Ce portrait signé par Stefan Thibeau lui est fidèle et lui ressemble. Foisonnant, le film voyage dans l'univers de Bucquoy, ses lieux, ses performances, ses coups de sang. Il mélange les supports, jongle entre les séquences tirées des œuvres et les archives personnelles ou télévisées pour mettre sans cesse en miroir la vie et la fiction. Il joue avec les codes de la bande-dessinée, habillant le film de cadrages en noir et blanc ou de fonts très comics... Il va et vient dans le temps sans se soucier de la chronologie, tout comme Bucquoy lui-même ne cesse de réutiliser ses propres matériaux, son histoire et ses idées qui se matérialisent dans des performances qu'il rejoue d'année en année. Il s'amuse lui aussi aux poupées gigognes, rejouant des scènes d'autres films, filmant le plateau du réalisateur en plein tournage, se mettant lui-même en scène ou mettant en scène le metteur en scène… On s’y perd parfois un peu mais pour le plaisir des mises en abyme. Alors, tout le film est comme une galerie de miroirs où les films et les personnages se démultiplient à l'infini, passant de la vie à la fiction puis l'inverse. Et Bucquoy, lui, imperturbable, ne change pas. Seuls les corps marquent l'usure du temps. Avec des interviews précieuses dont celle du chef opérateur Michel Baudour ou de l'écrivaine Corinne Maier, Tout va bien ! éclaire d'autres lumières, riches et profondes, le travail de ce trublion habité d’innocences, de rêves et de noirceurs. Car partout il y a le personnage de Marie, la fille de Jan, héroïne de La Dernière tentation des Belges, héroïne de nombreux de ses films et qu'on retrouve à chaque coin de plan ou de projet, que ce soit dans le film de Thibeau ou dans l'œuvre de Bucquoy. Marie, comme un fil ténu que le cinéaste s'emploie à tirer, à rembobiner, à faire revivre, à rechercher, à rattraper. Marie qui donne à son œuvre et à ce portrait une gravité bouleversante.

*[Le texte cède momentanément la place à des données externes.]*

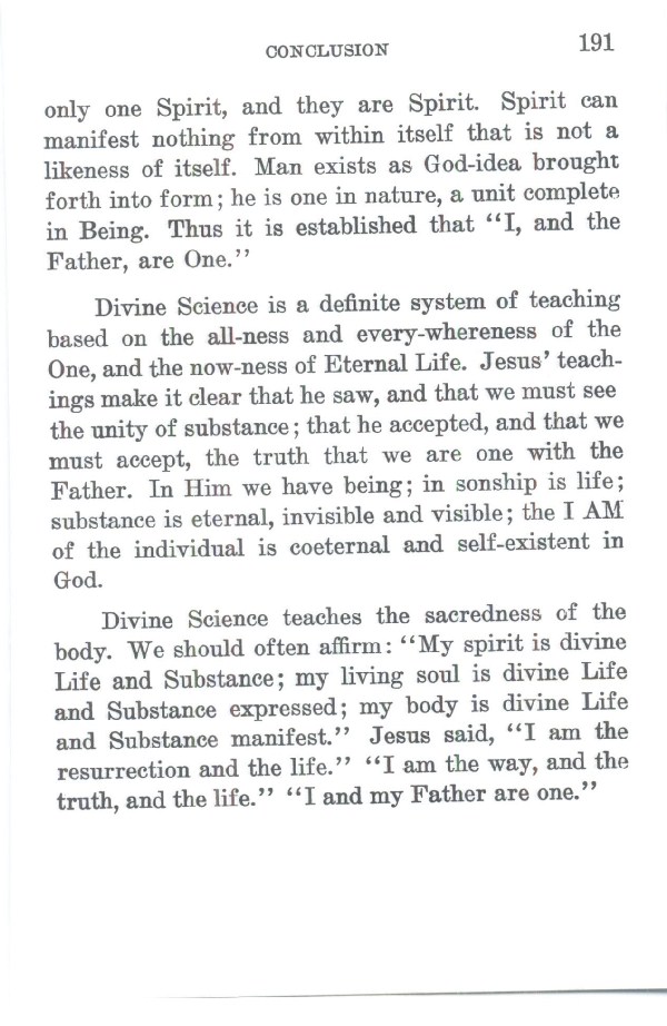 Divine Science teaches the sacredness of the body. We should often affirm. "My spirit is divine Life and Substance; my living soul is divine Life and Substance expressed; my body is divine Life and Substance manifest." Jesus said, "I am the resurrection and the life." "I am the way, and the truth, and the life." "I and my Father are one."

Si l'on peut regretter que le film ne s'attarde pas plus sur l'engagement politique du cinéaste qu'il feuillette plus qu'il ne le creuse (sans s'arrêter par exemple sur l'histoire du Doll Moll) ou sur toute cette part de l’histoire du cinéma belge à laquel Bucquoy appartient, Thibeau réalise un portrait éclaté, vif et doux, teinté des accents mélancoliques la belle musique originale de Olivier Terwagne. Un film sur le temps qui passe, que Bucquoy tente de rattraper sans cesse, mais qui s'écoule, inexorablement.